**WORK REQUEST**
Below is a listing. Write out exactly its lines between the one holding "在第五届中国国际进口博览会广" and the one holding "بنا به دستور", inclusive.

**DATA SHOWN**
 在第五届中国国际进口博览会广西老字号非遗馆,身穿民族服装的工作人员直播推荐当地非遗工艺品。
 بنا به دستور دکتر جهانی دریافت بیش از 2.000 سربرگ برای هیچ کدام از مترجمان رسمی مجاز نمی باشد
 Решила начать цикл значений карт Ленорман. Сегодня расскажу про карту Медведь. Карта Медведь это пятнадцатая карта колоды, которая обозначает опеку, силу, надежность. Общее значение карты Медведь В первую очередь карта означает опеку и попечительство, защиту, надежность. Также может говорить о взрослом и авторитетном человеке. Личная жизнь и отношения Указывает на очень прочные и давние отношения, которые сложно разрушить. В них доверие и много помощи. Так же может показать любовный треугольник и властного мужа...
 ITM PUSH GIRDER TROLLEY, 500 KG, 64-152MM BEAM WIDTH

* * *

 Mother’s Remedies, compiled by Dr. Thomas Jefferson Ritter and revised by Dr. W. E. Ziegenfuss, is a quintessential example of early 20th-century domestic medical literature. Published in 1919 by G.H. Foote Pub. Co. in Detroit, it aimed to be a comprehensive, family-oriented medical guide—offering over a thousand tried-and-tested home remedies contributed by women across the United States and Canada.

**REPLY TO THE EXERCISE**
 在第五届中国国际进口博览会广西老字号非遗馆,身穿民族服装的工作人员直播推荐当地非遗工艺品。
 بنا به دستور دکتر جهانی دریافت بیش از 2.000 سربرگ برای هیچ کدام از مترجمان رسمی مجاز نمی باشد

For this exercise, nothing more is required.